The best festival in the Jewish calendar is Chanukah. No arguments, no challenges, no nuffink, its the best. It’s the ‘festival of light’ and celebrates a miracle. When Judah Maccabee fought off the Romans/Greeks/Babylonians/Real Madrid and saved Jerusalem and the Temple. But there was only enough oil to keep the ‘eternal flame’ alight for one day. Blah, blah, blah, it only fucking lasted EIGHT DAYS until they could get to Waitrose and buy more. A miracle! God dunnit!!! To appreciate the magnitude of this miracle some clever shit created an analogy. It’s like you have just 8% charge in your iPhone but it lasted a week!!!! Chanukah. And to celebrate the miracle we light a candle every night for eight days. And to symbolise the oil we are encouraged to eat fried things. Rabbis are either all on statins or they don’t know shit about health. So doughnuts and latkes (potato pancakes) are the order of the day(s). And somewhere along the line, as happens, Chanukah got a bit Christmassy and presents got involved. Kids get a present every night for eight days. So every kid just loves Chanukah. Adults do too. Mainly because there’s no ‘go to Synagogue NOW!’ requirement.
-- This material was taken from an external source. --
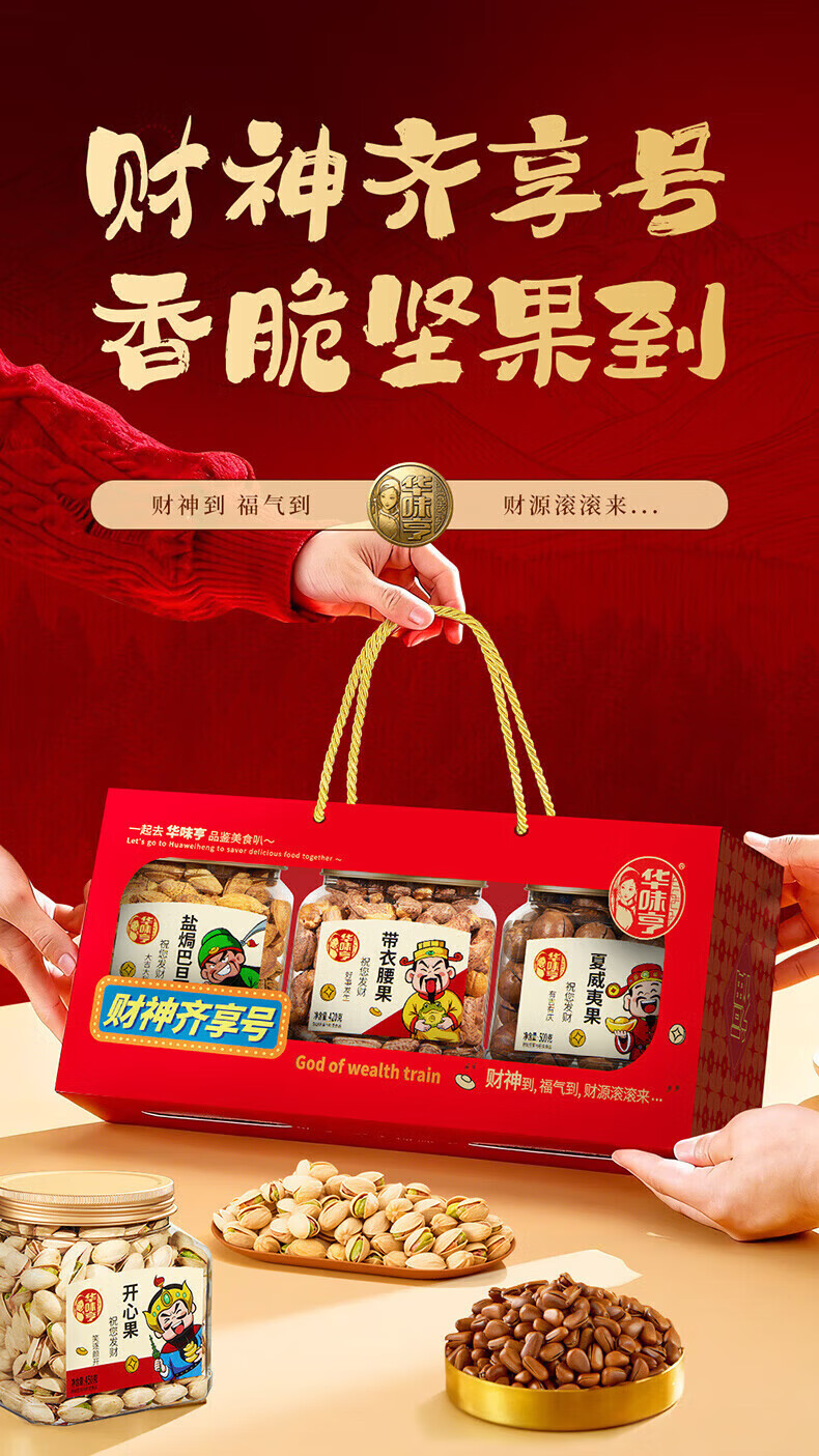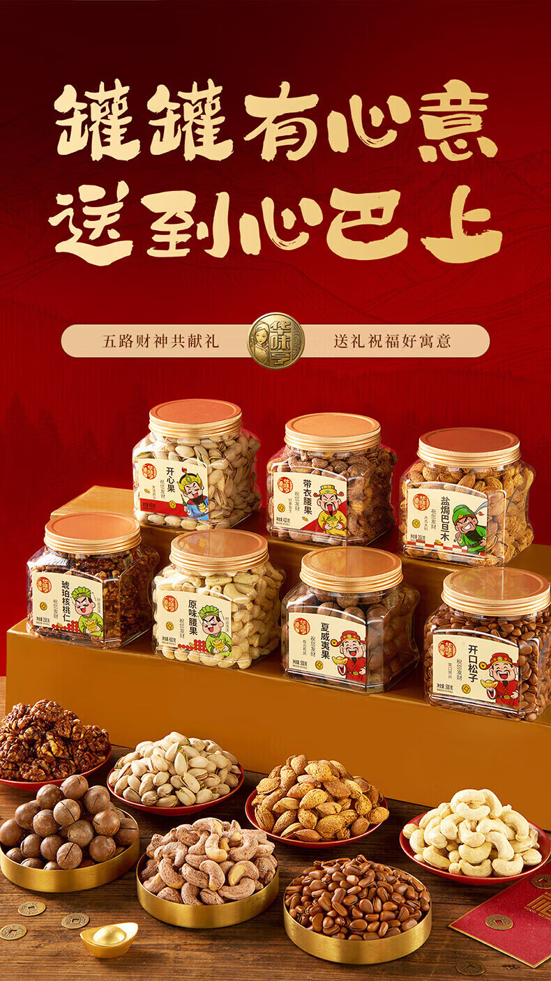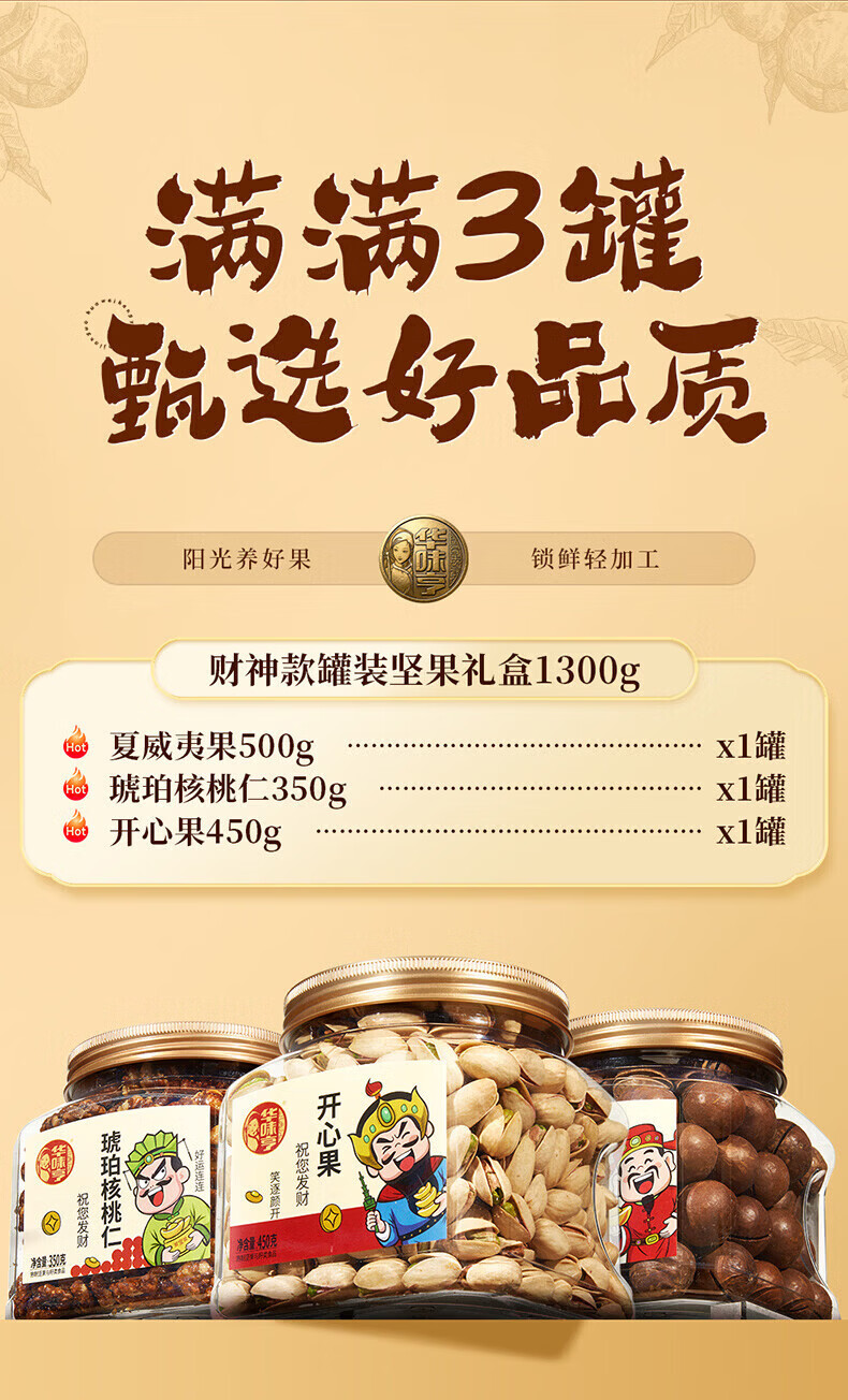 华味亨财神坚果1270g 企业团购罐装坚果腰果巴旦木贺岁年货送人礼品 【财神礼】1200g/3罐装

We took our rental car to the Europecar in Jerusalem because in that city you need a car like you need a camel. And the guy ran out to tell us where their car park was, but don’t go now, because the guys from there are all here to light the candles. How many Car Rental Operatives does it take to light a candle? All of them. So come in, said the guy, we’ll light the candles, you can have a drink, a doughnut and then take the car. Which is exactly what we did. They did the blessings (always a blessing), we ate doughnuts, we drank juice and sang. Israelis, us, Germans, French, Jews, non-Jews, everyone. And I thought: THIS IS THE MOST WONDERFUL, LOVELY, TIMELESS, COOLEST BRILLIANT THING EVER. Not just the doughnut, the whole thing.

The hotels all have ‘candle lighting’ at 5 or whenever, and obviously doughnuts. But its a Jewish country and they’re in the hospitality business. But Europecar?

Then on our last night we went to eat at one of our real faves. A place called ‘Miznon’, which means ‘counter’ as in shop counter. And Miznon, other than the food, which is made by the angels, is a vision of Hell. The ‘counter’ is crowded with people eating, people waiting for food, with cooks and staff. The music only plays at volume ‘11’ and most of the staff scream along with whatever’s playing. When your food arrives they just shout your name out, but like REALLY SHOUT IT OUTTTTT!!!!! The only seating is outside on the pavement, plastic tables and chairs. Cutlery is provided but not encouraged. Because most of what they serve comes in a little pitta pouch. And it is fucking chaos. It’s not a kosher place, it opens on Fridays and Saturdays (a sin in some places in Israel) and everyone there is pierced or tattooed within an inch of their lives.

Yet at about 8 o’clock the music stopped, the lights dimmed and they lit the candles. On with a kippa, blessings duly made, shots for everyone!!! In a wonderfully Godless place (other than the food) like Miznon.

I’ve always loved Chanukah, but in the promised land its just so special.

And I only mention this because Spurs Paul made me.